While stressing that he is opposed to discrimination in any form, Paul suggested the measure runs up against individuals' First Amendment and property rights.

"I think what's important in this debate is not getting into any specific 'gotcha' on this, but asking the question 'What about freedom of speech?' Should we limit speech from people we find abhorrent? Should we limit racists from speaking? I don't want to be associated with those people, but I also don't want to limit their speech in any way in the sense that we tolerate boorish and uncivilized behavior because that's one of the things that freedom requires," he said.

He also said, "[I]f you decide that restaurants are publicly owned and not privately owned, then do you say that you should have the right to bring your gun into a restaurant, even though the owner of the restaurant says, 'Well, no. We don't want to have guns in here.' The bar says we don't want to have guns in here because people might drink and start fighting and shoot each other. Does the owner of the restaurant own his restaurant? Or does the government own his restaurant?"

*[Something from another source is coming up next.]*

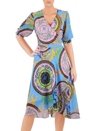 Wyszczuplająca sukienka z kopertowym i ozdobnie wyciętym dekoltem 34676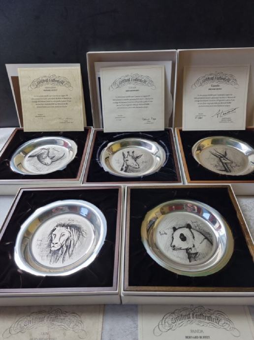 Kolekcija srebrnih tanjura Bernarda Buffeta, kovnica Franklin 1973.-1977., čistoća srebra 925/1000

Conway said the statements are indicative of Paul's "narrow political philosophy that has dangerous consequences for working families, veterans, students, the disabled, and those without a voice in the halls of power."

The Democratic National committee is also putting the heat on Paul, sending several e-mails to reporters Thursday morning highlighting the quotes.

In a subsequent statement Thursday Paul made clear he does not believe the Civil Rights Act should be repealed.

Paul also took issue with the American with Disabilities Act - the 1990 measure that afforded the same rights to individuals with disabilities as those who are protected by the Civil Rights Act.

"I think a lot of things could be handled locally," he told NPR of the legislation. "For example, I think that we should try to do everything we can to allow for people with disabilities and handicaps. You know, we do it in our office with wheelchair ramps and things like that. I think if you have a two-story office and you hire someone who's handicapped, it might be reasonable to let him have an office on the first floor rather than the government saying you have to have a $100,000 elevator. And I think when you get to the solutions like that, the more local the better, and the more common sense the decisions are, rather than having a federal government make those decisions."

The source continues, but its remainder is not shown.